Davide Bombacigno

Interested in solutions, and people

Analysis of videogames market, biggest market and best selling genres

We will analyze the sales data of the videogames market using the data about games with more than 100000 copies sold

source: https://www.kaggle.com/gregorut/videogamesales Code and data used: https://github.com/davbom97/source

I assume this data to be somewhat representative sample of the videogames market and I will use it to extract some insights

Import Data
Data Cleaning
Data Analysis
- Composition of Total Sales by Market
- Time series of Sales by Market
- Markets composition by Genre
- Analysis of Genre Sales
  - Genre sales boxplot
  - Which Genre sells the most per game?

import pandas as pd
import numpy as np
from IPython.display import display,Image
import plotly.graph_objs as go
from plotly.subplots import make_subplots
import plotly.figure_factory as ff
import plotly.express as px

Import Data

data = pd.read_csv("vgsales.csv").sort_values("Global_Sales",ascending= False)
data = data.drop("Rank",axis = 1)

display(data.head(5))

	Name	Platform	Year	Genre	Publisher	NA_Sales	EU_Sales	JP_Sales	Other_Sales	Global_Sales
0	Wii Sports	Wii	2006.0	Sports	Nintendo	41.49	29.02	3.77	8.46	82.74
1	Super Mario Bros.	NES	1985.0	Platform	Nintendo	29.08	3.58	6.81	0.77	40.24
2	Mario Kart Wii	Wii	2008.0	Racing	Nintendo	15.85	12.88	3.79	3.31	35.82
3	Wii Sports Resort	Wii	2009.0	Sports	Nintendo	15.75	11.01	3.28	2.96	33.00
4	Pokemon Red/Pokemon Blue	GB	1996.0	Role-Playing	Nintendo	11.27	8.89	10.22	1.00	31.37

The data reports for each game:

The game name (Unique for every game)
The main platform it was published (Categorical value)
Year it was bublished (Numeric discrete value)
Its genre (Categorical value)
Its publisher (Categorical value)
Sales by market (Numeric continuous value)
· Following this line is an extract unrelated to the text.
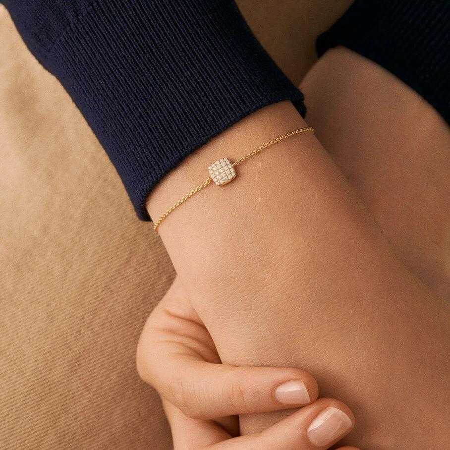 Bracelet chaine, en argent véritable doré 750/1000, avec un pendentif en forme de coussin serti d’oxydes de zirconium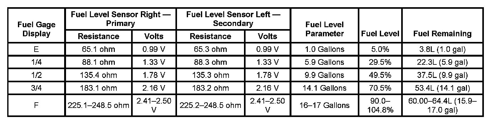 The information in this table is intended for use with the J 33431-C Signal Generator and Instrument Panel Tester. The fuel level sensor values represent the test values to be used on the Signal Generator to drive the fuel gage display to the indicated positions. Vehicles that require more than one fuel level sensor calculate gage position from many possible resistance combinations of fuel levels between the two tanks. Therefore, the values in the table may not correlate directly to readings taken from the vehicle primary or secondary sending units.

Entries are ranked by descending order of global sales

Data Cleaning

Because the data is incomplete from 2016 on, we drop all the entries beyond 2015

data = data[data["Year"] <= 2015]

Then we check if there are any NaN values in the data

data_na = data.isna().sum()
display(data_na)

Name             0
Platform         0
Year             0
Genre            0
Publisher       34
NA_Sales         0
EU_Sales         0
JP_Sales         0
Other_Sales      0
Global_Sales     0
dtype: int64

There seems to be some missing values in the “Publisher” category, may be due some minor publishers

Becouse there are only 34 missing values, I decided to delete those entries

data = data.dropna()

Data Analysis

Composition of Total Sales by Market

We group the sales by year and market to find which one contributes the most to the total sales

market_data = data[["Year","NA_Sales","EU_Sales","JP_Sales","Other_Sales"]].groupby("Year").sum()
display(market_data.head(5))

	NA_Sales	EU_Sales	JP_Sales	Other_Sales
Year
1980.0	10.59	0.67	0.00	0.12
1981.0	33.40	1.96	0.00	0.32
1982.0	26.92	1.65	0.00	0.31
1983.0	7.76	0.80	8.10	0.14
1984.0	33.28	2.10	14.27	0.70

There seems to be missing data of JP_Sales from 1980 to 1982, so we drop these years for the analysis

market_data = market_data[market_data.index >1982]

display(market_data.sum().reset_index())
fig = px.pie(market_data.sum().reset_index(),values = 0,names = "index")
fig.update_layout(title="Global Sales composition by Market")
img_bytes = fig.to_image(format="png")
Image(img_bytes)

	index	0
0	NA_Sales	4233.81
1	EU_Sales	2375.65
2	JP_Sales	1270.55
3	Other_Sales	780.39

From the data emerges that the biggest market is the North American one, making up to almost the 50% of the total sales, followed by the European and the Japanese ones.

Time series of Sales per Market

Now we want to see the time series of the total sales and the sales per market

fig = go.Figure()

fig.add_trace(go.Scatter(x = market_data.index, y= market_data.sum(axis = 1), mode = "lines+markers"))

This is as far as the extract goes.